東南アジア(タイ・ベトナム・インドネシアなど)
日本人旅行者が最も多く訪れる地域の一つであり、害虫被害の報告も多い地域です。高温多湿の気候は害虫にとって絶好の繁殖環境で、デング熱を媒介する蚊やベッドバグに注意が必要です。安宿だけでなく、中級ホテルでもベッドバグが出ることがあります。
ヨーロッパ(フランス・イタリア・スペインなど)
近年、ヨーロッパでもベッドバグの被害が急増しています。
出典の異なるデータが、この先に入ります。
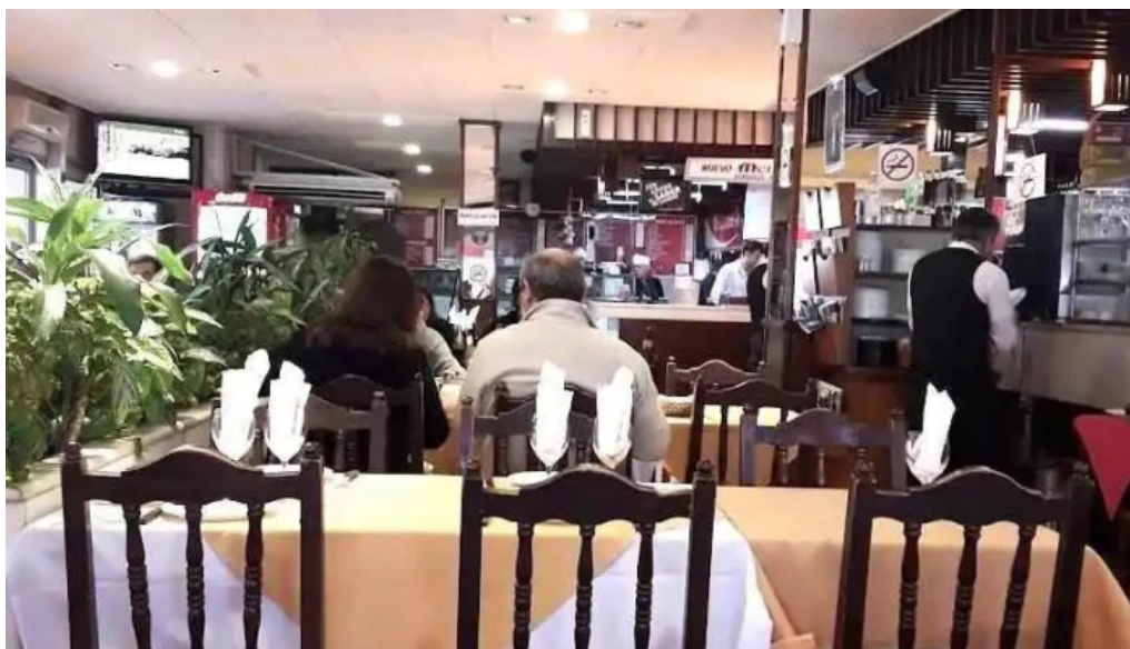
Bar mendizabal ambiente
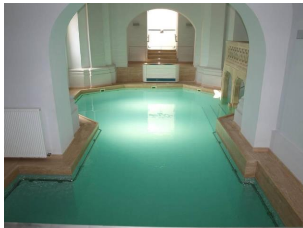
Slika 9. Specijalna bolnica za medicinsku rehabilitaciju, Stubičke toplice

Stubičke toplice – Krapinsko-zagorska županija. Stubičke toplice su naselje, ali i lječilište i kupalište koje se nalaze u Krapinsko-zagorskoj županiji. Što se tiče javno – privatnog partnerstva i konkretnih primjera u Republici Hrvatskoj, Stubičke toplice zaista vrijedi spomenuti prilikom ove teme jer je projekt JPP – a “Stubičke toplice” najveći zdravstveno-turistički projekt u Hrvatskoj (Slika 9).
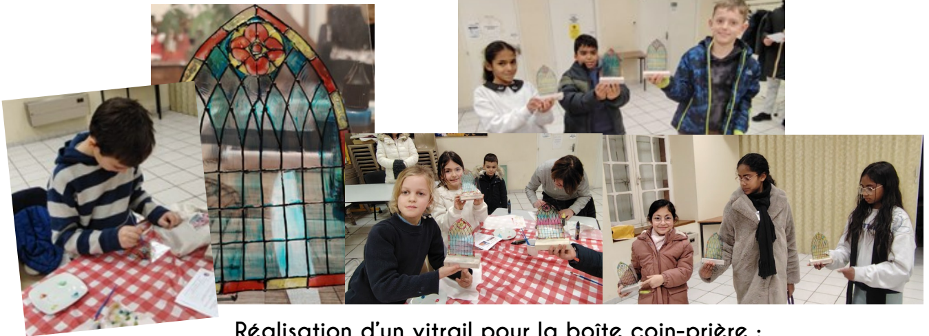
Réalisation d'un vitrail pour la boîte coin-prière : un travail minutieux couronné de succès !
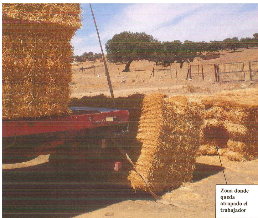
Imagen 3. El segundo fardo que cayó desde una altura de casi 3 m le impactó sobre el tórax.

Este sistema, utilizado el día del accidente, aunque más peligroso, es más rápido ya que tiene que desplazar menos veces el camión durante la descarga, subir y bajar de la cabina, y calzar y descalzar las ruedas traseras.
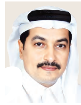
عمر عبيد غباش
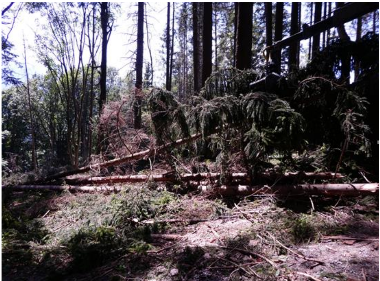
Aufrüsten von Borkenkäfer befallenen, noch jungen Fichten.

Die Waldbewirtschaftung ist unter diesen Umständen schwierig, zeit- und kostenintensiv. Als Waldbesitzer sind wir aber trotzdem in der Pflicht, auch der zukünftigen Generation, einen intakten Wald zu hinterlassen. Dies wird uns aber nur mit kleineren Reh- und Rotwildbeständen, dem Einsatz von mechanischem Schutz von Pflanzen, durch gemeinsame und unbürokratischer Zusammenarbeit zwischen Waldbesitzern, Forst und Jagd und mit der Unterstützung von den zuständigen Ämtern gelingen.
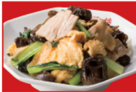
ムーシーロー 750円(税込)
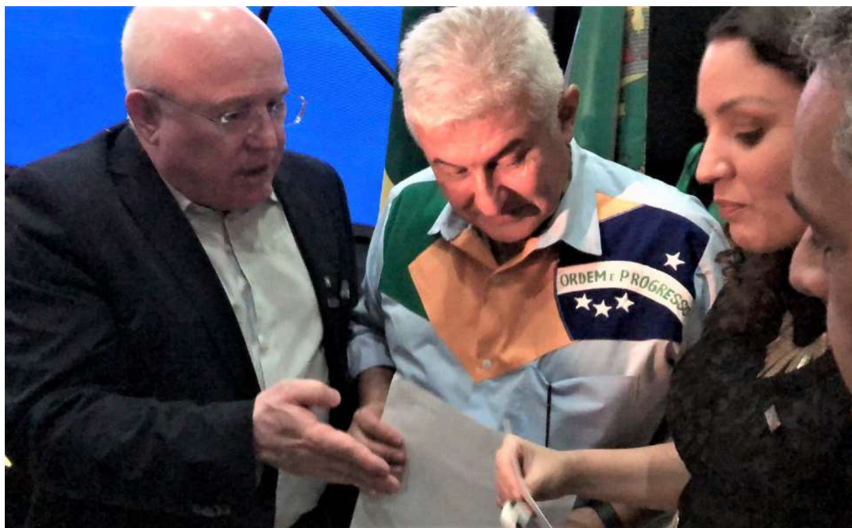
Ofício é entregue ao senador e ex-astronauta brasileiro, Marcos Pontes, para que venha a Marília para reunião de trabalho

O Connect Ambiente de Inovação idealizado pela associação comercial mariliense é um ambiente apropriado na área tecnológica que busca desenvolver ideias, soluções e empresas, principalmente as de base com tecnologia. Com uma atuação em rede, colaboração e conexão com diversos públicos e segmentos, tem como objetivo principal o fomento da ciência, pesquisa e tecnologia em favor das pessoas e organizações, com enfoque a inspirar e gerar inovação. Atualmente é composto por uma aceleradora de “startups”, incubadora virtual e instituto de pesquisa, possuindo alcance nacional por meio de parcerias estratégicas, atingindo quase 50 mil pessoas entre estudantes de graduação e pós-graduação, docentes, empresários, associados e cooperados de diversos segmentos.
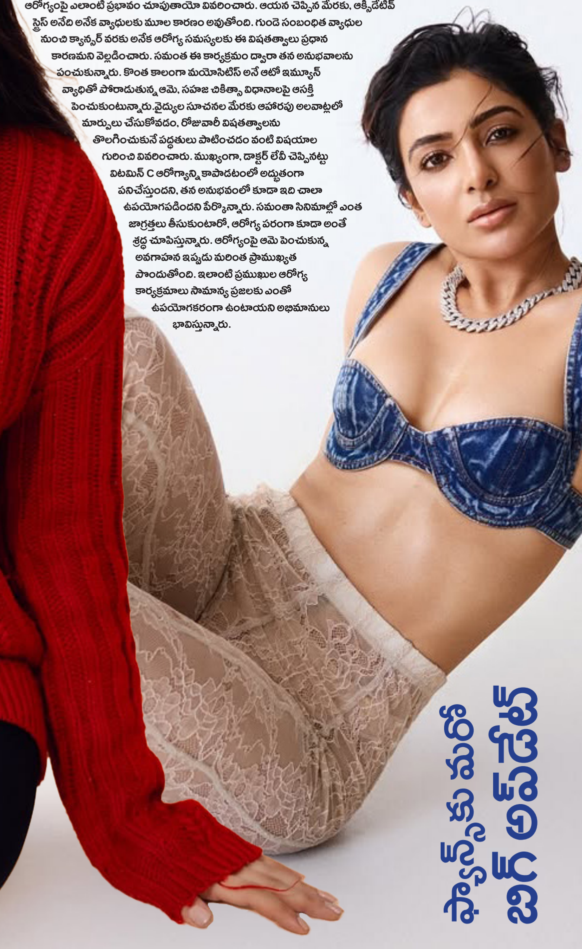
ఫ్యాన్స్ కు మరో బిగ్ అప్ డేట్
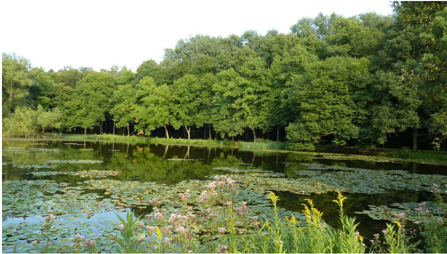
Naherholungsgebiet Fischteiche
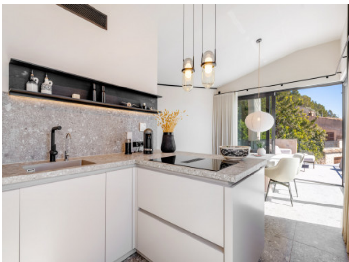
Cocina moderna con electrodomésticos de alta calidad
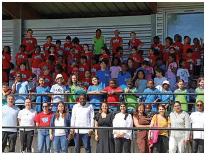
Une belle action qui a rassemblé tous les enfants de l'école.
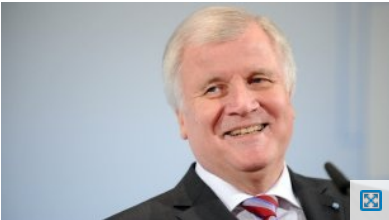
CSU-Vorsitzender, Ministerpräsident Horst Seehofer lädt alle ein, sich in der CSU, der Volkspartei Bayerns, zu engagieren.

Die Kraft zu notwendigen Veränderungen hat eine Partei umso eher, je stärker sie in ihrer Heimat verankert ist. Wir sind Bayerns Volkspartei. Die große Mitgliederzahl der CSU war und ist das Fundament unserer Politik. Sie schafft uns den nötigen Rückhalt in der Bevölkerung. Die CSU-Verbände mit ihrer breiten Verwurzelung an der Basis ermöglichen Politik aus einem Guss und auf allen politischen Ebenen: in den Gemeinden, Landkreisen und Bezirken ebenso wie in den Parlamenten in München, Berlin und Brüssel.
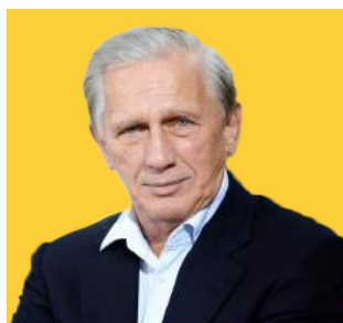
Jan Englert Dyrektor Artystyczny Teatru Narodowego
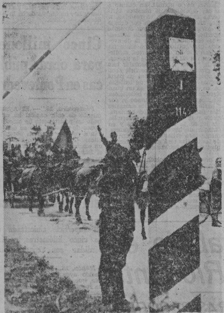
La División Azul se incorpora al frente de combate para tomar parte en la lucha contra el comunismo.

Madrid, 18: 4 tarde. (Por teléfono). — A falta de un tema que encierre vibrante actualidad y al socaire del cálido sosiego de este mediodía septembrino, hemos de buscar el motivo de nuestra crónica en las páginas tersas y geométricas de los periódicos. A este respecto, el diario "Ariba", pródigo siempre en valiosa colaboración, inserta en su número de hoy un artículo que bien vale la pena de ser señalado y reproducido, aún parcialmente.
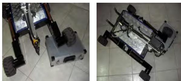
Rys. 2. Robot bez problemu pokonuje ewentualne przeszkody na drodze

mów ujawniający się w obszarach zamkniętych, gdzie konieczne jest swobodne przemieszczanie się pomiędzy licznymi przeszkodami architektonicznymi. Waga jednostki nie przekracza 12 kg. Dodatkowo robot może zostać wyposażony w sprzęt o wadze około 4 kg.
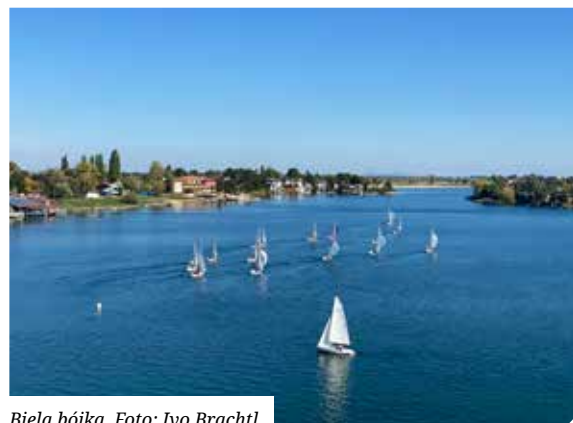
Biela bójka.
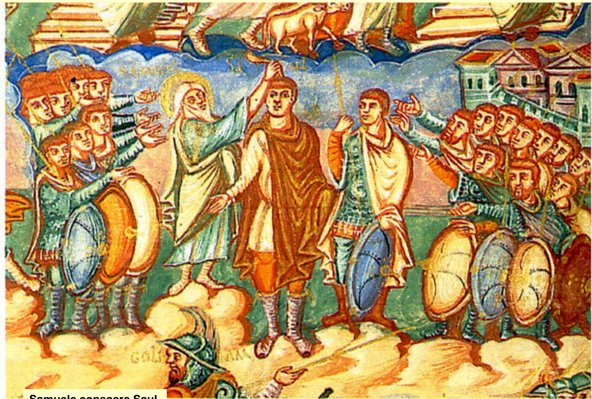
Samuele consacra Saul
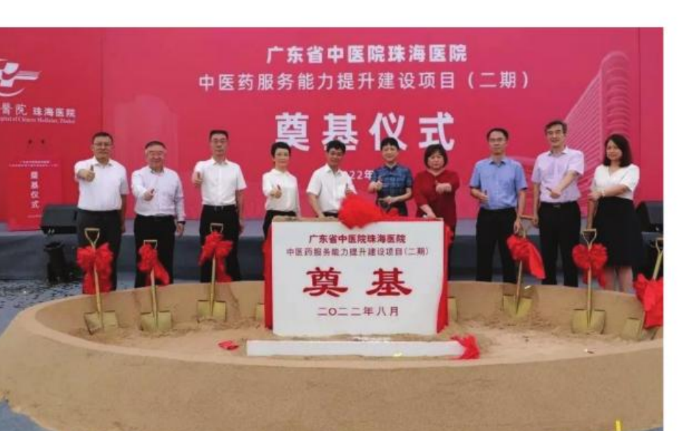
广东省中医院珠海医院中医药服务能力提升建设项目二期奠基
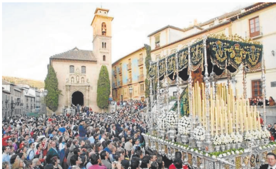
LA ESPERANZA. Martes Santo

podrá contemplarse una composición única y original. La imagen del Señor representa a Jesús tras la Resurrección, con el Banderín de la Victoria en la mano izquierda y la mano derecha en actitud de bendición. La hermandad fue fundada en 1985 y, a lo largo de los años, ha ido cambiando tanto la composición del misterio como el propio paso. Como curiosidad, en la Semana Santa granadina hay dos cofradías de la Resurrección.
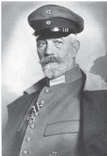
راویژکار بیتمان ھولفیک (1909-1917)
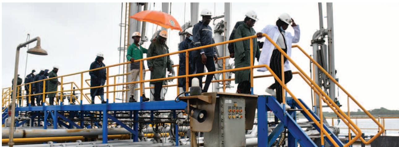
Visite des installations des appontements de PETROCI Visit of PETROCI's wharf facilities

特にフランスのパリでは社会問題になるほどの規模で広がっており、ホテルだけでなく電車や映画館などの公共の場でも被害が報告されています。
北米(アメリカ・カナダ)
アメリカではベッドバグの被害が深刻で、ニューヨークでは大きな社会問題となっています。また、南部の州ではヒアリやサソリ、ゴキブリの被害も一般的です。カナダでもベッドバグ問題は増加傾向にあります。
アフリカ
マラリアのリスクが最も高い地域です。サハラ以南のアフリカでは、マラリアによる死亡者が世界全体の約9割を占めています。渡航前に抗マラリア薬の予防内服について医師に相談することが推奨されます。
オーストラリア
毒グモやサソリ、ヒアリなど、毒を持つ害虫・害獣が多いことで知られています。シドニージョウゴグモは世界で最も危険なクモの一つとされており、屋外での活動時には注意が必要です。
旅行時の具体的な害虫対策
海外旅行を安全に楽しむために、以下の害虫対策を実践しましょう。
ホテルでのベッドバグ対策
客室乗務員(CA)が実践している方法として知られている対策があります。
- チェックイン後、まずスーツケースをバスルームに置く(バスタブの中が理想)
- ベッドのシーツをめくり、マットレスの縫い目や隅を確認する
- ヘッドボードの裏側やベッドフレームの隙間もチェック
- 黒い小さな点(フン)や脱皮した殻がないか確認する
- 安全を確認してからスーツケースを部屋に持ち込む
蚊対策(感染症予防)
| 対策 | 効果 | ポイント |
|---|---|---|
| DEET含有の虫よけスプレー | 最も効果が高い | 濃度30%以上の製品を選ぶ |
| 長袖・長ズボンの着用 | 物理的に刺されにくくなる | 薄い色の服が虫を寄せにくい |
| 蚊帳の使用 | 就寝時の保護 | 安宿では自分で持参するのも有効 |
| 蚊取り線香・電子式蚊取り | 室内の蚊を撃退 | 海外の蚊にも一定の効果あり |
| 予防接種・予防薬 | 感染症そのものの予防 | 渡航前に医療機関で相談 |

💡 海外から帰国した後は、自宅のゴキブリ対策を改めて見直しておくと安心です。海外由来の害虫が自宅に定着するのを防ぐためにも、効果の高い駆除グッズを備えておきましょう。おすすめのアイテムはこちらでご紹介しています。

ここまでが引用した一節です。